Pictures aside, return every line below exactly as written.

[Entries taken from a collection]
══════════════════════════════
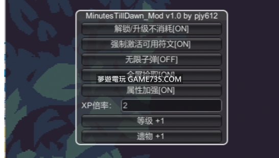replyreload += ',' + 2323898; 依賴 BepInEx x64 外掛。 將 BepInEx 放到遊戲根目錄。 請將外掛 MinutesTillDawn_Plugins.dll 放到 BepInEx\plugins 目錄中。 按F7啟動修改器。 V2.0: 支援Steam正式版(2023061
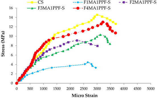 The comparison between the stress-strain behavior of ferrocement slabs and control slabs (CS) is plotted in Figure 18, Figure 19 and Figure 20. The stress-strain curve represents a behavior similar to the load-deflection curve. The strain at maximum flexural stress for F1MA1PPF-S is 0.0027, which is 11.67% less than the control specimen due to a comparatively lower percentage of Vr for wire mesh reinforcement. Similarly, for F1MB1PPF-S, the strain at maximum flexure stress is 0.00212, which is 29.33% less than the control slab due to slippage of wire mesh in the mortar matrix. The strain noted at maximum flexural stress for F1MC1PPF-S is 0.00213, which is 29% less than the control specimen, mainly due to a lower percentage of Vr of reinforcement in the loading direction.
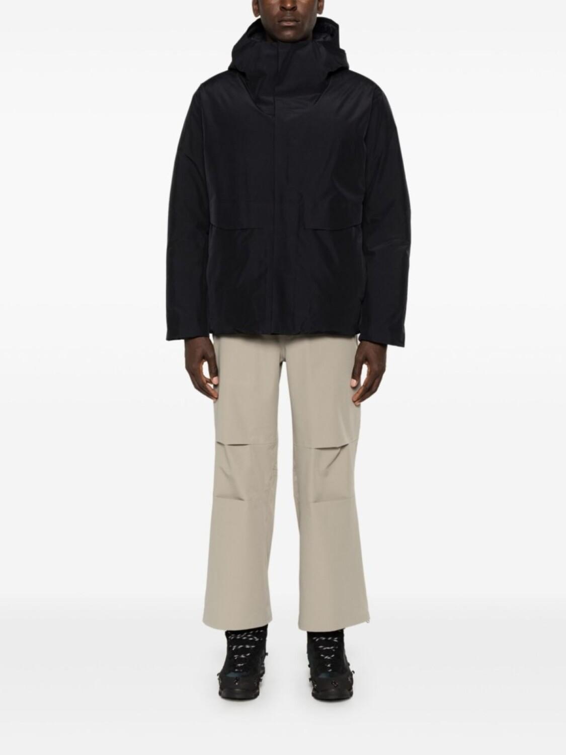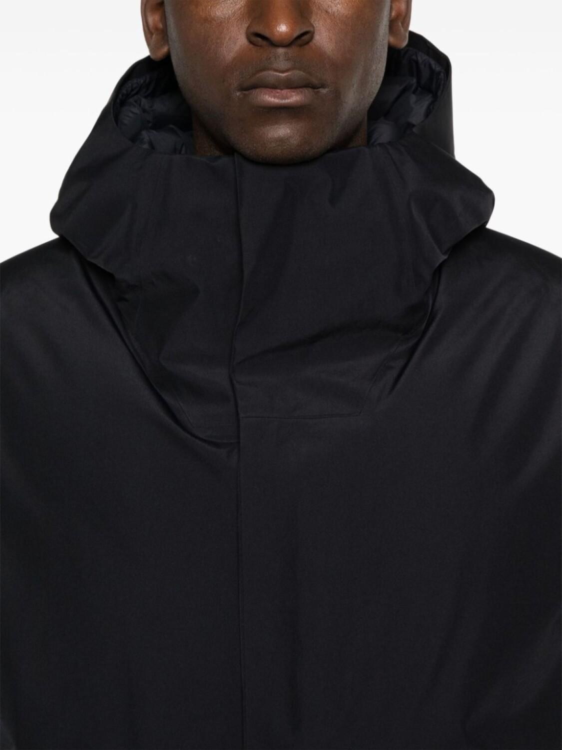 Черный водонепроницаемый материал GORE-TEX наполнитель из пуха и пера застежка-молния спереди утепленная конструкция утепленный дизайн классический капюшон длинные рукава два боковых кармана с клапанами два боковых кармана на молнии стеганая подкладка внутренний карман на молнии внутренний накладной карман прямой подол
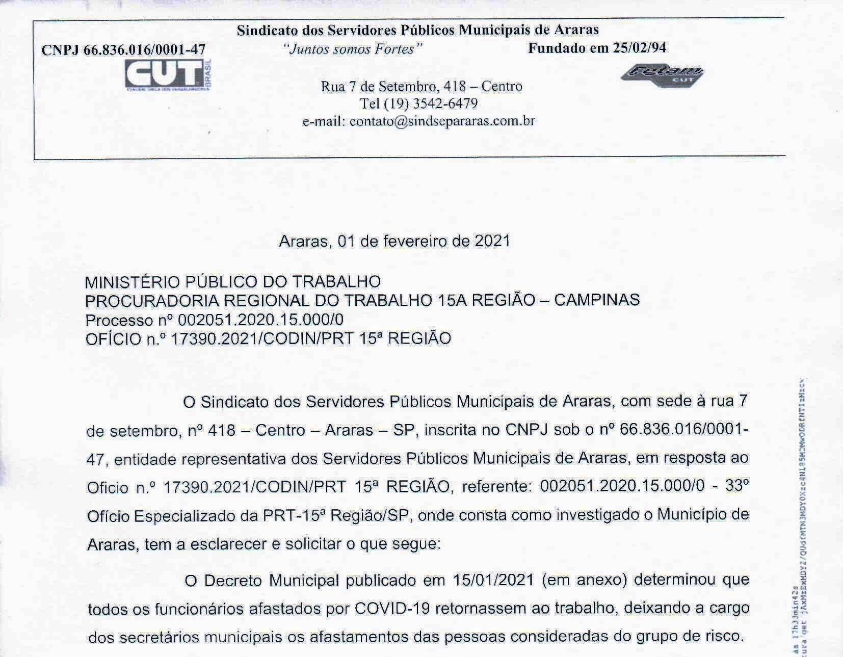 O SINDSEPA – Sindicato dos Servidores Públicos Municipais de Araras (SP), protocolizou junto ao Ministério Público do Trabalho, informações acerca do Decreto Municipal datado de 15/01/2021, o qual determina a volta dos servidores públicos ao trabalho, sem considerar as pessoas do grupo de risco, trazendo enormes riscos a saúde dos trabalhadores e de nossa população em geral. A informação foi divulgada no site oficial do sindicato: www.sindsepararas.org.br.
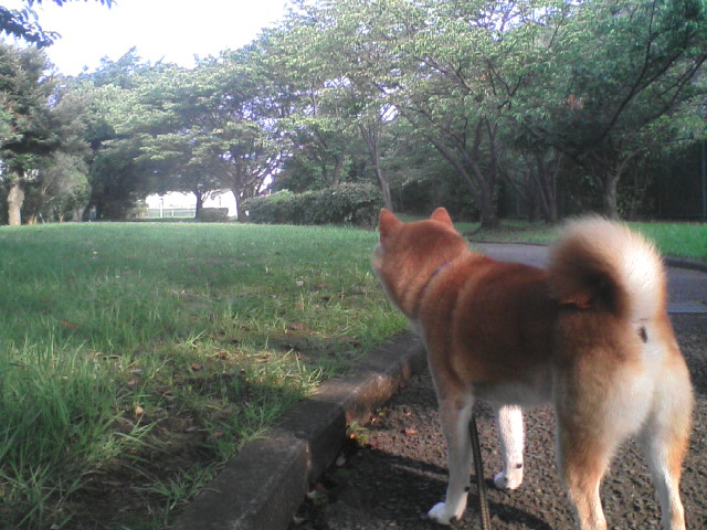 昨日、御仕事もせず、ヘタヘタ歩いて草ばかり食べていた柴犬コロ。 原因は、おばあちゃんが、山のように焼いた牛肉を脂付きで与えていたためだったようです。 10度目くらいになる「暴食禁止令」を言い渡し、様子を見ていたところ、昨日はドライフードをわしわし食べ始め、夕方の散歩では、バウバウ的な元気が出てきました。御仕事も、少なめですが復活。 今朝は、すっかり元気に歩きました。 通常のコースを歩いたあと、そろそろ帰宅かなと、思っていたら、強い引きで、コロ父を引っ張っていき、とある家の前でクンクン嗅ぎまくり始め、離れようとせずに座り込んでしまいました。 そういえば、昨夕の散歩も、このあたりでウロウロしていたな。 大好きなシーズンの匂いがしたようです。 帰ろうよと言っても、顔をそむけて、ボクは帰りませんよ、お父さん、という柴犬コロでした。 体調回復して、ストーカ犬になったようです。余談ですが、携帯電話でも、設定の仕方では、こんな大きな写真が撮れるんですね。待ちうけ画面の大きさくらいの小さな写真しか、いままで撮っていませんでした。知りませんでした。情けないです。というわけで、今日は携帯で撮った大画面特集です。
══════════════════════════════
Exercise output:
replyreload += ',' + 2323898; 依賴 BepInEx x64 外掛。 將 BepInEx 放到遊戲根目錄。 請將外掛 MinutesTillDawn_Plugins.dll 放到 BepInEx\plugins 目錄中。 按F7啟動修改器。 V2.0: 支援Steam正式版(2023061
 The comparison between the stress-strain behavior of ferrocement slabs and control slabs (CS) is plotted in Figure 18, Figure 19 and Figure 20. The stress-strain curve represents a behavior similar to the load-deflection curve. The strain at maximum flexural stress for F1MA1PPF-S is 0.0027, which is 11.67% less than the control specimen due to a comparatively lower percentage of Vr for wire mesh reinforcement. Similarly, for F1MB1PPF-S, the strain at maximum flexure stress is 0.00212, which is 29.33% less than the control slab due to slippage of wire mesh in the mortar matrix. The strain noted at maximum flexural stress for F1MC1PPF-S is 0.00213, which is 29% less than the control specimen, mainly due to a lower percentage of Vr of reinforcement in the loading direction.
 Черный водонепроницаемый материал GORE-TEX наполнитель из пуха и пера застежка-молния спереди утепленная конструкция утепленный дизайн классический капюшон длинные рукава два боковых кармана с клапанами два боковых кармана на молнии стеганая подкладка внутренний карман на молнии внутренний накладной карман прямой подол
 O SINDSEPA – Sindicato dos Servidores Públicos Municipais de Araras (SP), protocolizou junto ao Ministério Público do Trabalho, informações acerca do Decreto Municipal datado de 15/01/2021, o qual determina a volta dos servidores públicos ao trabalho, sem considerar as pessoas do grupo de risco, trazendo enormes riscos a saúde dos trabalhadores e de nossa população em geral. A informação foi divulgada no site oficial do sindicato: www.sindsepararas.org.br.
 昨日、御仕事もせず、ヘタヘタ歩いて草ばかり食べていた柴犬コロ。 原因は、おばあちゃんが、山のように焼いた牛肉を脂付きで与えていたためだったようです。 10度目くらいになる「暴食禁止令」を言い渡し、様子を見ていたところ、昨日はドライフードをわしわし食べ始め、夕方の散歩では、バウバウ的な元気が出てきました。御仕事も、少なめですが復活。 今朝は、すっかり元気に歩きました。 通常のコースを歩いたあと、そろそろ帰宅かなと、思っていたら、強い引きで、コロ父を引っ張っていき、とある家の前でクンクン嗅ぎまくり始め、離れようとせずに座り込んでしまいました。 そういえば、昨夕の散歩も、このあたりでウロウロしていたな。 大好きなシーズンの匂いがしたようです。 帰ろうよと言っても、顔をそむけて、ボクは帰りませんよ、お父さん、という柴犬コロでした。 体調回復して、ストーカ犬になったようです。余談ですが、携帯電話でも、設定の仕方では、こんな大きな写真が撮れるんですね。待ちうけ画面の大きさくらいの小さな写真しか、いままで撮っていませんでした。知りませんでした。情けないです。というわけで、今日は携帯で撮った大画面特集です。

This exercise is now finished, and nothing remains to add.